27 Dan zal Hij zijn engelen zenden, en Hij zal van de vier windstreken zijn uitverkorenen verzamelen, van het einde der aarde tot aan het einde des hemels.
Alors il enverra les anges, et il rassemblera les élus des quatre vents, de l’extrémité de la terre jusqu’à l’extrémité du ciel.
28 Leert van de vijgeboom deze gelijkenis. Wanneer zijn twijg al zacht is geworden, en de bladeren al ontspruiten, dan weet gij, dat de zomer nabij is.
Instruisez-vous par une comparaison tirée du figuier. Dès que ses branches deviennent tendres, et que les feuilles poussent, vous connaissez que l’été est proche.
29 Zo ook, wanneer gij dit alles gebeuren ziet, weet dan, dat het dicht voor de deur staat.
De même, quand vous verrez ces choses arriver, sachez que le Fils de l’homme est proche, à la porte.
30 Voorwaar, Ik zeg u: dit geslacht gaat niet voorbij, eer dit alles is geschied.
Je vous le dis en vérité, cette génération ne passera point, que tout cela n’arrive.
31 Hemel en aarde zullen voorbijgaan, maar mijn woorden zullen niet voorbijgaan.
Le ciel et la terre passeront, mais mes paroles ne passeront point.
32 Maar van die dag of dat uur weet niemand iets af, zelfs niet de engelen in de hemel, noch de Zoon, maar de Vader alleen.
Pour ce qui est du jour ou de l’heure, personne ne le sait, ni les anges dans le ciel, ni le Fils, mais le Père seul.
33 Weest op uw hoede en waakt! Want gij weet niet, wanneer de tijd daar is.
Prenez garde, veillez et priez; car vous ne savez quand ce temps viendra.
34 Het gaat er mee, als met een mens, die naar het buitenland reisde, zijn huis verliet, en het beheer aan zijn dienaars overdroeg; aan ieder gaf hij zijn taak, en aan den deurwachter beval hij te waken.
Il en sera comme d’un homme qui, partant pour un voyage, laisse sa maison, remet l’autorité à ses serviteurs, indique à chacun sa tâche, et ordonne au portier de veiller.
35 Waakt dus, want gij weet niet, wanneer de heer des huizes komt: ‘s avonds laat of te middernacht, bij het hanengekraai of ‘s morgens vroeg.

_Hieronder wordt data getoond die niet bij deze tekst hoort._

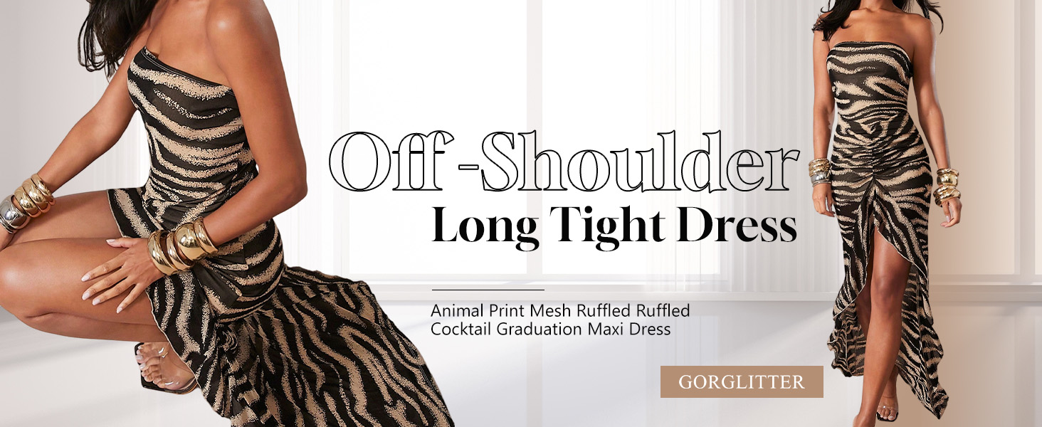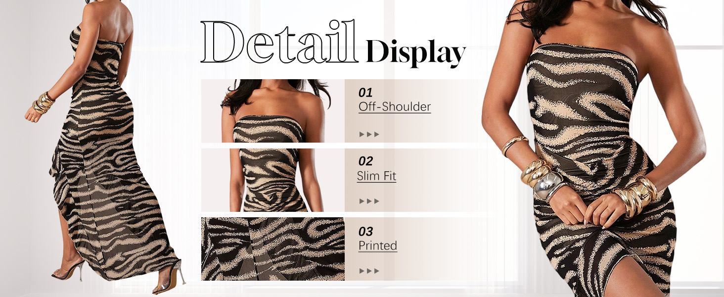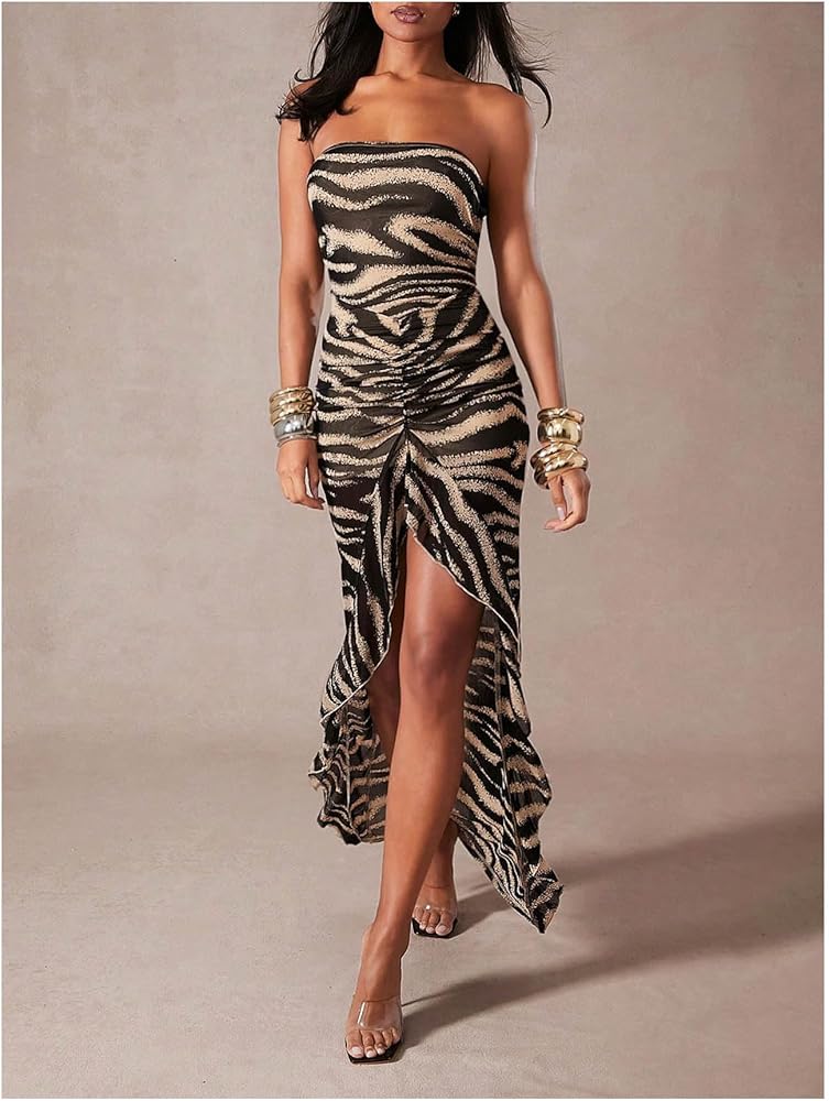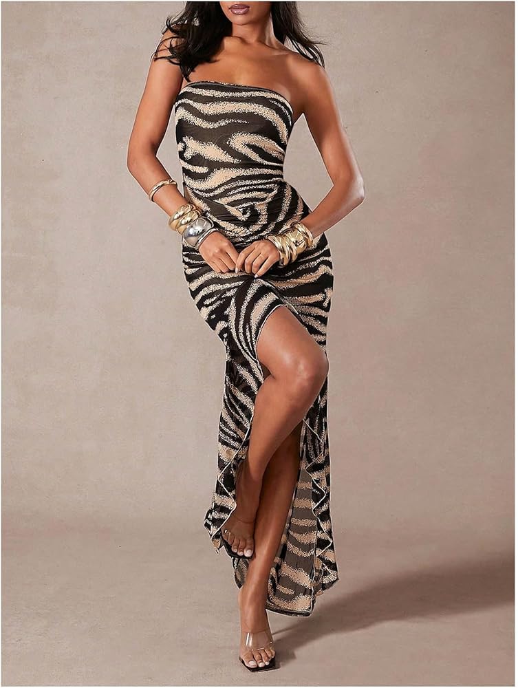 - Zebra striped print, backless, ruffle trim, split thigh, sleeveless, and maxi length, trendy strapless dress for women

Veillez donc, car vous ne savez quand viendra le maître de la maison, ou le soir, ou au milieu de la nuit, ou au chant du coq, ou le matin;
36 Hij komt onverwacht; moge hij u niet slapend vinden.
craignez qu’il ne vous trouve endormis, à son arrivée soudaine.
37 Wat Ik ú zeg, dat zeg Ik aan allen: Waakt!
Ce que je vous dis, je le dis à tous: Veillez.